My Life in 315 Words

By Joe Vining

I was born in 1938 in Fulton, Missouri. My schooling began early at the University of Arkansas Laboratory School. I was 7 when I left Arkansas and Missouri, and any extended family, to become a Virginian as I grew up in Charlottesville around The University.

Public education was not favored by Virginia’s Byrd Machine in the 40s and 50s even for Whites. At age 12 I was sent to Woodberry Forest, a Virginia boarding school for boys drawing from across the South, to which I owe everything that has brought me to Kendal. At Yale I worked almost entirely in science, principally zoology. A rare chance to rewind took me to Clare College Cambridge to work on a second B.A. and M.A., in History. Cambridge introduced me to the ideal form of a university and to a threadbare postwar England that was my first glimpse of a humane society.

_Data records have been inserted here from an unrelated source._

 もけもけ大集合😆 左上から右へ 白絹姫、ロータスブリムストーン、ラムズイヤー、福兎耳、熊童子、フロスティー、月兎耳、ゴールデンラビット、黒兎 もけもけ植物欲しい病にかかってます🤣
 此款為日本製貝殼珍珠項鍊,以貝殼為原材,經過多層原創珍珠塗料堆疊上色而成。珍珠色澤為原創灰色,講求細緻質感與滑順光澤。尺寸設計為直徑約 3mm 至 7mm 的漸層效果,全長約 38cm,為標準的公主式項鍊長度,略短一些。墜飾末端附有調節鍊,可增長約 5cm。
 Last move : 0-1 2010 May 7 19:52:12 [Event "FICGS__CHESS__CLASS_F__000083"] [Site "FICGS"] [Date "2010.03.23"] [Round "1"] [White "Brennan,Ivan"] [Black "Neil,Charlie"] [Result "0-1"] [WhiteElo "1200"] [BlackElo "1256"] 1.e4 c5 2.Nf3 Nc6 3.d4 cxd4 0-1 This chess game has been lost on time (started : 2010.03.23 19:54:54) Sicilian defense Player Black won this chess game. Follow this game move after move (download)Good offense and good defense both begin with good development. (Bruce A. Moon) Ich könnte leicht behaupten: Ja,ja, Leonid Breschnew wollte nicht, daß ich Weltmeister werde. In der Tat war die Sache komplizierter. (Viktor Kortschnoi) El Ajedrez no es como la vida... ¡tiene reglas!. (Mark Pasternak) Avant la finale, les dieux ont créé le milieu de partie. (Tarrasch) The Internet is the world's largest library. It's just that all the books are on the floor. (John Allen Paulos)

After Harvard Law School I joined the Justice Department in 1964, to work on setting up Lyndon Johnson’s National Crime Commission, before going into practice with the large Washington firm Covington & Burling. The most important thing to happen to me in those Washington years was Alice. Eventually the faculty of Michigan Law School and its extraordinary University drew us to Ann Arbor.

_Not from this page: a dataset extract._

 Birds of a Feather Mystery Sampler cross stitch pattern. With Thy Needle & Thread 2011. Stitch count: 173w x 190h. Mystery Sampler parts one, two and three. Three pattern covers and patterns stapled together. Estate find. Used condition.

But we were smitten too with Vermont and New Hampshire. One day in 1972 the shards of a set of University of Michigan Wedgewood plates winked at us from a cellarhole beside the AT toward Hanover. So we built a house nearby, looking toward the Delectable Mountains, and came East for our summers and Christmases.

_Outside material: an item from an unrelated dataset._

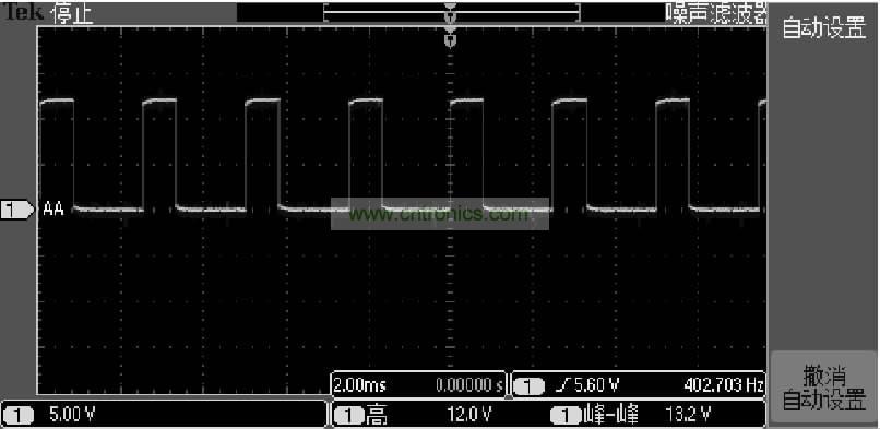 在實(shí)際應(yīng)用中柵極的驅(qū)動(dòng)波形如圖4所示,此波形是在電機(jī)3000RPM時(shí)的驅(qū)動(dòng)波形,可以看出此波形完全能夠滿(mǎn)足要求,同時(shí)進(jìn)行了短路、電機(jī)堵轉(zhuǎn)等試驗(yàn),圖3電路也能過(guò)很好地保護(hù)功率MOSFET管。

Our passions have included our children and their families, cycle touring, walking the long- distance paths in England, coming to terms with our childhood in the Jim Crow South, and, mine in particular, trying to understand what this sea of law we live in actually is.

2 comments on My Life in 315 Words

  • Don Watson

    Intuitions, incidents and accidents, phrases and words all so masterfully assembled makes a rather complete portrait of a life well lived,and continuing with a concluding active verb.